您現在身邊都是不同勢力的眼線,我們不敢輕易打草驚蛇,但近幾天一定會安排一個時間,讓棠棠和您見面。”
沈月聽到伍遠征這些話,臉上的表情,震驚到凝固。
“棠棠結婚了?是,她已經是大姑娘了。”沈月眼圈紅了,顯然還在消化伍遠征的話,“我為什么要相信你?”
沈月臉上的疑惑還沒消解。
“棠棠說,您夜里最喜歡給她講嫦娥奔月的故事,告訴她在月宮里住著嫦娥和月兔。
有點冒昧,但為了讓您相信,棠棠讓我告訴您,她右腋下的那顆胎記還在。”
沈月手微微顫抖,這些都是她和棠棠在一起時的記憶。
如果不是棠棠,不會知道這些母女二人間的私事。
如果伍遠征不是棠棠的丈夫,也不會知道棠棠身體私密部位的胎記。
見沈月還在猶豫,伍遠征趕緊又道:
“棠棠說,她小時候最喜歡和你睡了,有一次你出差很久沒回來,她晚上就抱著你的枕頭睡,說上面有媽媽的味道。”
這個細節一說,沈月眼淚就掉了出來,顫聲道:
“是我的棠棠!”
這么隱秘的私人小事,只有她和棠棠知道,棠棠和她都未對外人提起過。
因此,不管這個年輕人的身份是真是假,至少,他真的和棠棠相處過。
“岳母,時間緊迫,我來不及說太多,等棠棠和你見面,你們再慢慢細說。
今天棠棠交待我一個任務,就是請你一定要喝下它。
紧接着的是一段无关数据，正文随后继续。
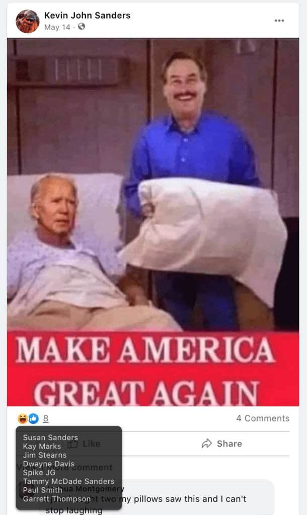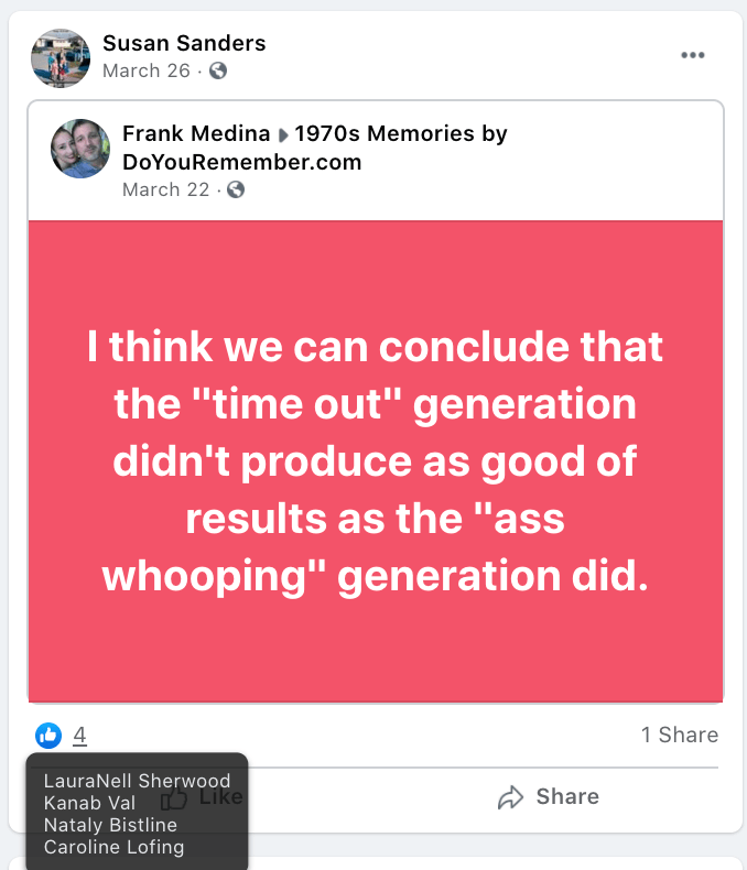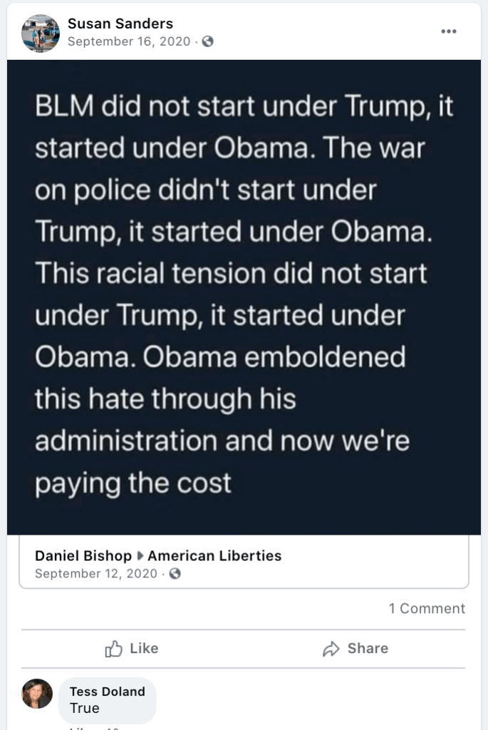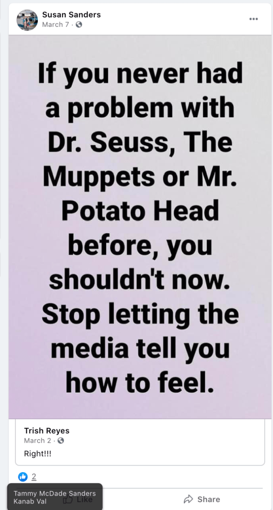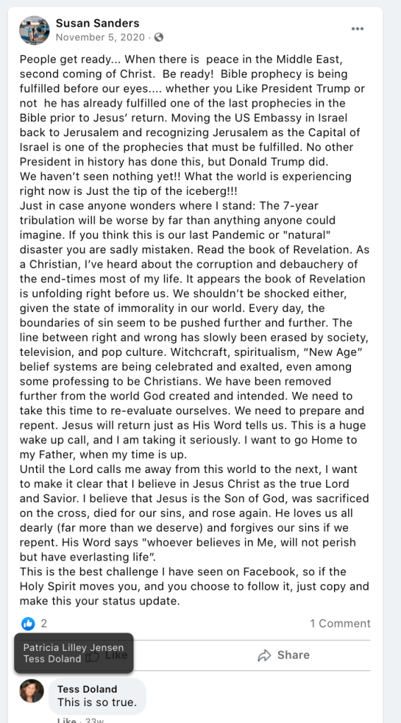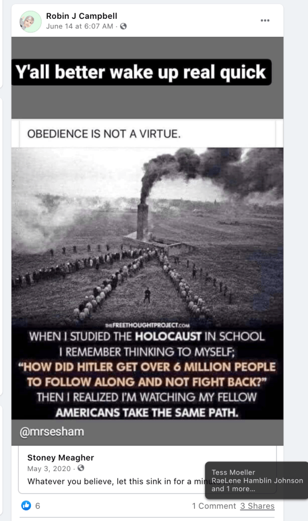 Susan’s daughter, Sarah Lofing, was featured in KURW post Shabby Iris Cottage Cakery: Sarah Lofing. Susan promotes violence (kill Biden & spank children), portrays USA 2021 as Nazi Germany, ridicules social/racial equity efforts, posts/supports bigotry of liberals & LGBTQI2S, end of times and anti-mask/anti-vax disinformation & divisiveness.

”
伍遠征從褲兜里掏出一個20毫升大小的玻璃瓶,打開瓶蓋,放到沈月手上。
“這是什么?”
沈月奇怪地問。
“保命的藥,喝下去后,如果身體狀況好轉,也不要馬上展現出來,依然要表現得和現在一般虛弱。
據我們外圍調查,康德醫院是倭人資助的醫院,這家醫院疑點重重。”
伍遠征匆匆解釋。
沈月拿著手里的玻璃瓶,一時間不知道該喝不該喝。
伍遠征的出現,過于突然。
他除了上述那些話,沒有帶能證明他和棠棠關系的信物。
但這也怪不了伍遠征,他擔心康德醫院vip檢查嚴格,會從他身上查出奇怪的東西,合照啥的自然不敢帶在身上。
沈月在斟酌。
“周助理,采血好了嗎?怎么這么久?”
邱田原的聲音,從走廊上傳來,顯然,他覺得時間太長了,有點不耐煩了。
“馬上就好,沈女士今天血管有點不好找。”
伍遠征趕緊大聲回應。
“你怎么這么笨?我來看看。”
邱田原從隔壁起身,聽到他的腳步聲了。
伍遠征急了,但又不能說話了,現在說什么,怕是會被邱田原聽到。
還好,就在這時,沈月將玻璃瓶口放在嘴邊,一仰頭,喝下了瓶里的液體。
伍遠征松了口氣,快速從沈月手里接過玻璃瓶,放進褲兜里。
邱田原進來時,就看到伍遠征正拿著針頭,在沈月胳膊的靜脈上方比劃,尋找采血的最佳位置。
“周助理,看來基本功還要再練啊!”邱田原不滿地道,轉而又對沈月露出諂笑,“不好意思啊,沈女士,周助理第一次比較緊張,今天讓他接手,是因為接下來一個月,我要去出差,想讓他負責你的復診工作。”
“沒關系,周助理為人謹慎,挺好的,是我自已血管不好找。”
沈月沒有怪罪,邱田原松了口氣。